What they found was, in that setting, there was really minimal benefit oncologically. So, minimal metastasis-free survival benefit, minimal prostate cancer-specific mortality benefit, but, very importantly, there was a large detriment to the man's overall survival. So, if you're considering salvage radiation at a low PSA, and your Decipher® genomic classifier score is low, now compared to level one evidence, we're seeing that you could be hurting the gentlemen by giving them that androgen deprivation therapy, certainly two years of bicalutamide, which was the trial.

Now, it was different if you had a high genomic classifier score. If you had a high genomic classifier score, then your metastasis-free survival prostate cancer-specific mortality, and overall mortality, were still benefited from adding that hormonal therapy. So, this is a critical finding, and, actually, I think it is bringing genomics into routine use in that setting because you're now pairing it to level one evidence from a randomized clinical trial.

Alicia Morgans: I completely agree. And I think that, for many of us, basing these decisions on PSA levels alone can be really complicated because we know that men start with all different PSA levels. They can have all kinds of responses to hormonal therapy and their PSA may be more or less tied to the aggressiveness of their disease, with sometimes more aggressive disease having even lower PSA.

So, knowing that we can use a genomic classifier that's looking molecularly at these patients, really, I think, makes me feel more confident that what I'm looking at is the biology in a little bit more of a specific and directed way than something as, I guess, less tied like the PSA. So, really, really interesting.

Ashley Ross: I agree. And I think that this is one use that's already now getting kind of firmed up, but they have plans. My understanding that genomic classifier Decipher® people in collaboration with NRG and others have plans to also profile the RTOG 0534 trial, which is also looking at androgen deprivation therapy with salvage radiation in earlier space with or without pelvic radiation.

And they're also partnering to look at trial results of intensification for people with high PSAs. My understanding is, for some of the salvage enza trials, for example, they're going to look in that setting too. So I think there's more to come. And I often think about breast cancer and where they are in using their multigene genetic signatures to help guide decision-making about chemotherapy or not, or intoxication or not, and I'm glad that prostate cancer is really catching up quickly.
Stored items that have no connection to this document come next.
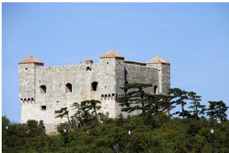
Slika 5. Tvrđava Nehaj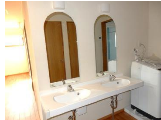
せんめんじょ 洗面所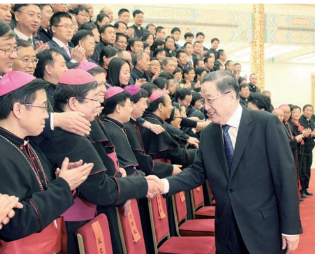
2016年12月29日,中共中央政治局常委、全國政協主席俞正聲在北京人民大會堂會見中國天主教愛國會、中國天主教主教團新一屆領導班子成員,並與出席中國天主教第九次全國代表會議的代表合影留念。

俞正聲強調,希望新一屆領導班子繼承和學習天主教界老一輩愛國人士的崇高品質,不斷開創中國天主教事業新局面。要繼續發揚愛國愛教的優良傳統,推動中國天主教更好地融入國家、適應社會、造福人群,做到愛國和愛教的有機統一。要團結帶領廣大信教群眾積極投身於中國特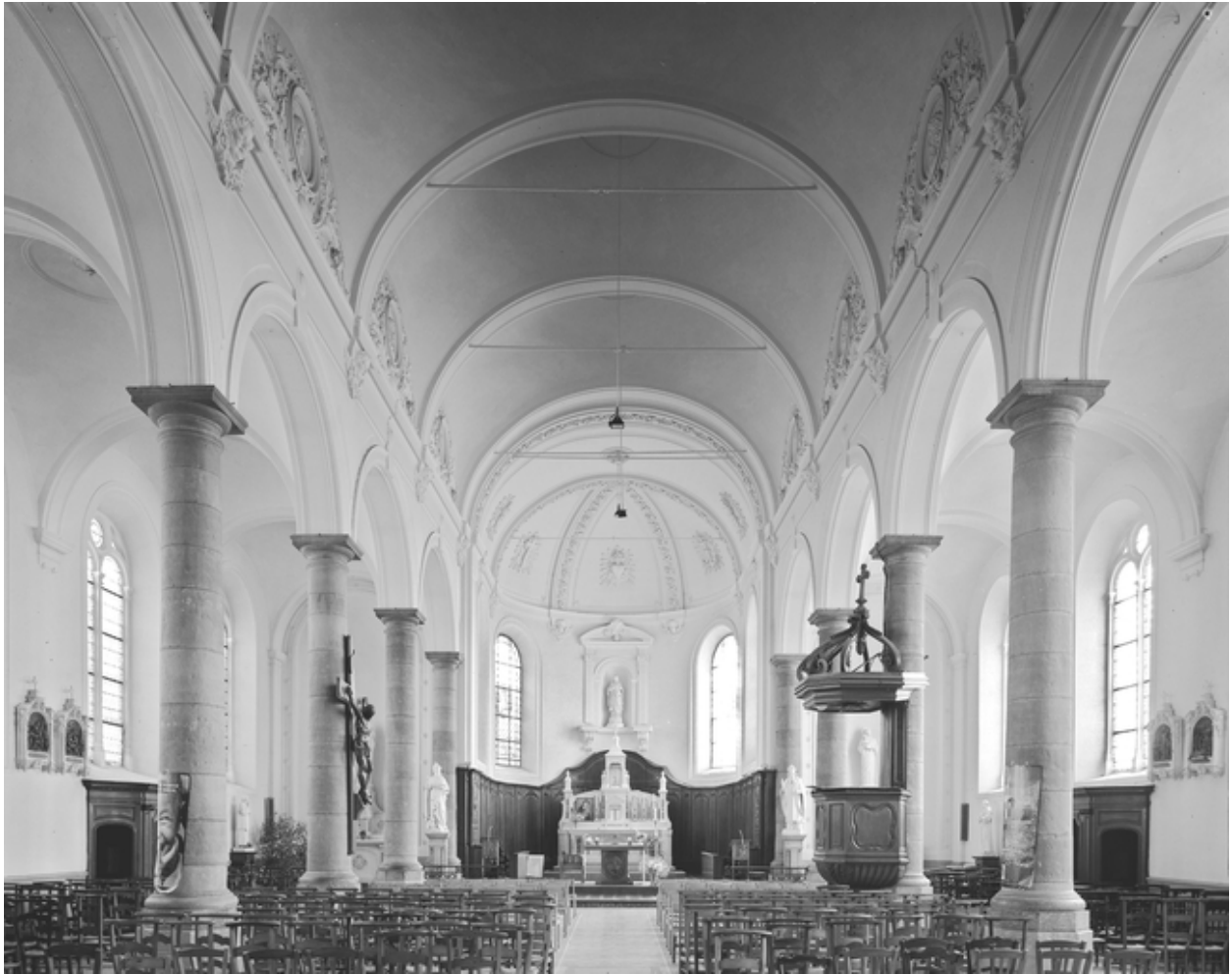
Vue générale intérieure vers le chœur.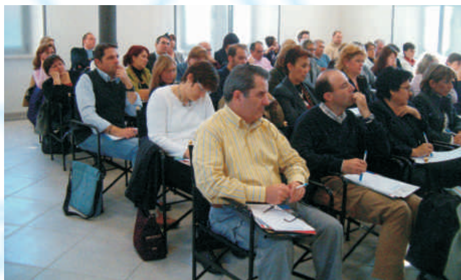
Veduta complessiva dei partecipanti alla giornata di studio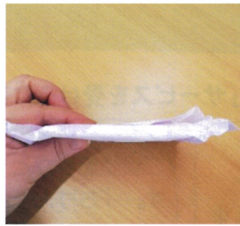
これは 200 cc です！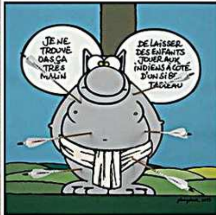
Le Prométhée de Titien - 2013 - Artwork sur toile en fibres en bois et papier, 100 x 100 cm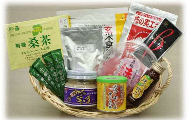
桑、柿などの商品化品目（一部）

さらに県内企業の商品開発、販路拡大、栽培、加工技術の向上に向けた取り組みを様々な角度から支援し、機能性食品産業群の育成を行った。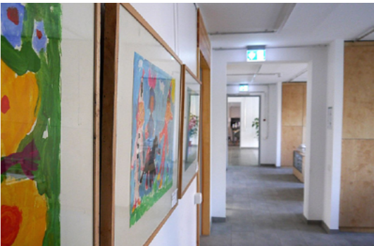
5 Die Jugendkunstschule Lichtenberg wurde von 2017 bis 2019 energetisch und baulich modernisiert. Sie ist ein wichtiger Anker für das Quartier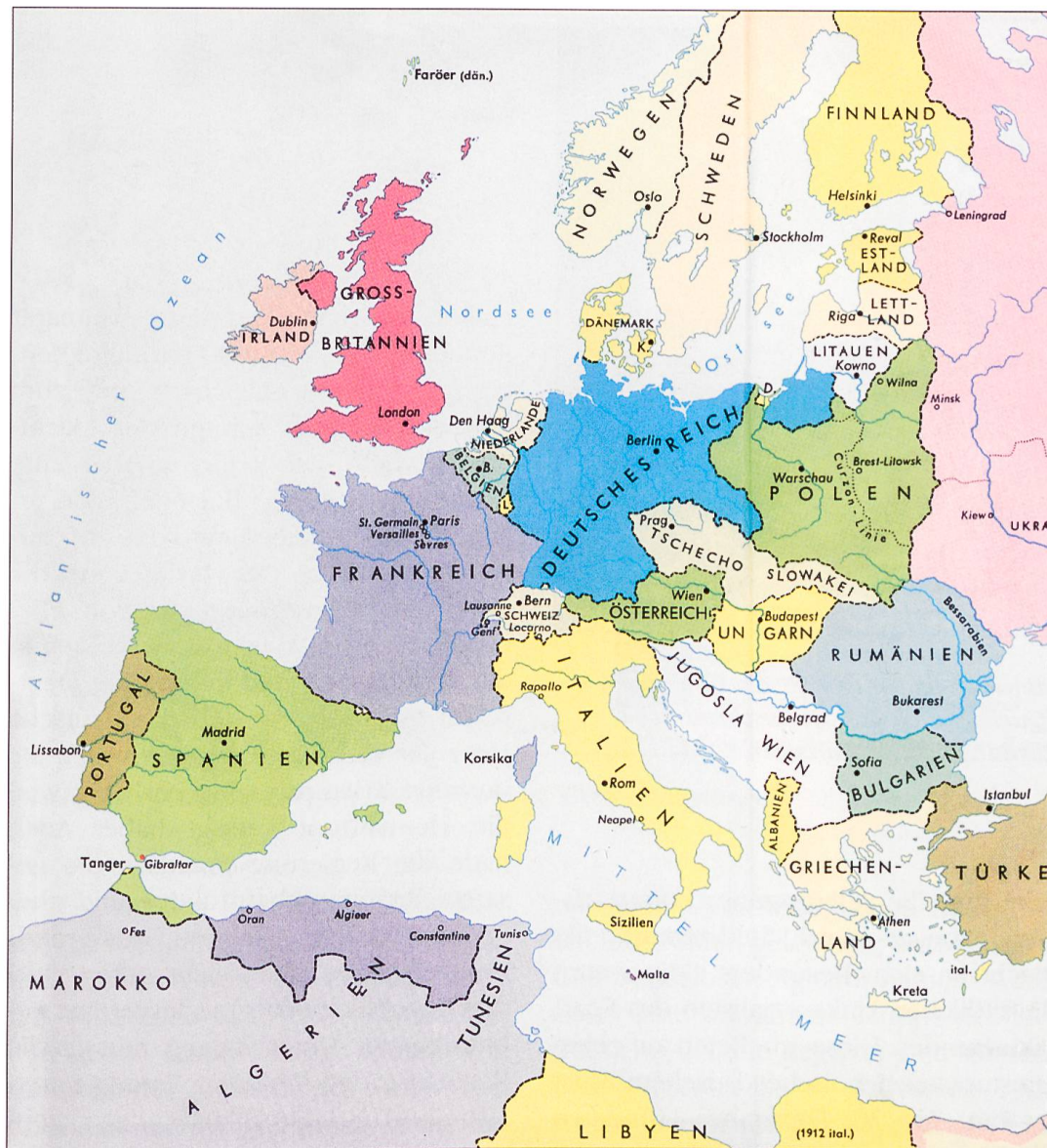
Europa nach 1918.

(Galizien), an Rumänien (Siebenbürgen, Bukowina), Istrien und Südtirol an Italien, Eupen und Malmedy an Belgien. Im Baltikum entstanden auf Kosten Russlands die Kleinstaaten Finnland, Estland, Lettland und Litauen. Die Türkei beklagte den Verlust der arabischen Gebiete Syrien, Libanon, Irak, Transjordanien und Palästina. Im Auftrag des Völkerbunds hatten Briten und Fran-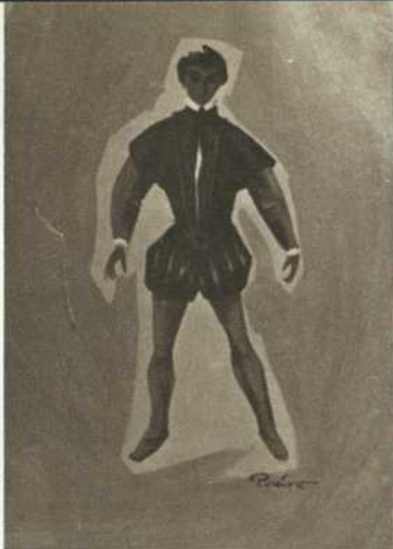
Dino Del Moro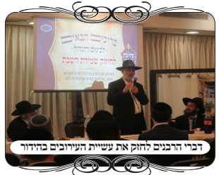
דברי הרבנים לחזק את עשיית העירובים בחידור

הגאון רבי בן ציון רוזנברג שליט"א רב ומו"ץ במרכז פ"ת , נשא דברים באחריות של הת"ח לדאוג שיהיה עירוב טוב, והביא באריכות את דברי הגמי (עירובין דף סח.) שהיה תינוק שהיו צריכים למול אותו בשבת, ונשפכו המים החמים שהכינו עבורו, אמר רבה שיביאו מים מהבית שלו, אמר לו אביי לא עשינו עירוב בחצר. אמר רבה נסמוך על השיתוף במבוי, אמר אביי גם שיתוף לא עשינו. אלא אמר להביא ע"י גוי, משום דהוי אמירה לנכרי באיסור שבות דרבנן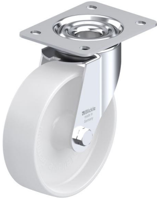
Roulette pivotante correspondante LE-PO 160G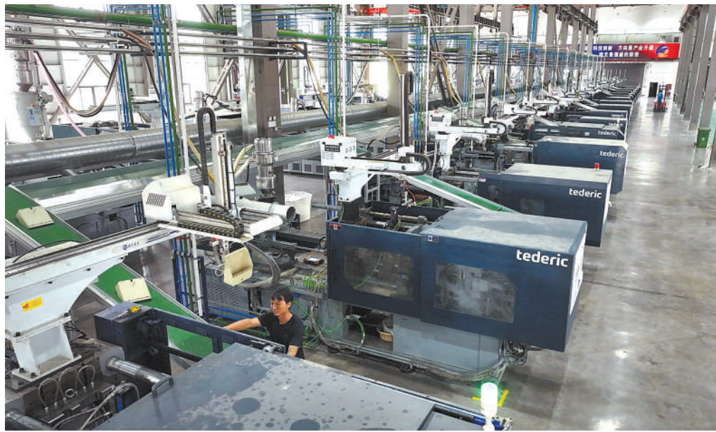
本版责编 袁振喜 杨烁壁 张佳莹 版式设计 沈亦伶

Alicia Morgans: I 100% agree. So if you had to give an overarching message to folks who were thinking about these genomic classifiers in this space, what would that message be?

Ashley Ross: I think it's that the Decipher® genomic classifiers test is now kind of a primetime test. It's easy to get, it's very accessible, covered by many insurers, covered by Medicare, and in the setting of salvage decision-making for salvage radiation, I think it's now become a must test in my practice in that setting.

I think there's still work to do for restratification and you can use it to help with that in the adjuvant setting, but particularly in the salvage radiation decision-making, it's a test that deserves strong consideration for use, and I think we're going to see that reflected in guideline statements that build upon the recently published work.

Alicia Morgans: Great. Well, thank you so much for walking us through this, because I think it can be really complex when people are just trying to get into using the Decipher®-type platform or other risk classification systems. This one, as you said, really seems to be the one that's most heavily tested and really seems to be the one that is most clearly linked to these post-prostatectomy decisions, which are so critical to our patients. So, thank you for taking the time to walk us through this.

Ashley Ross: It was my pleasure, Dr. Morgans, and thank you very much for having me in to have me talk about this important work.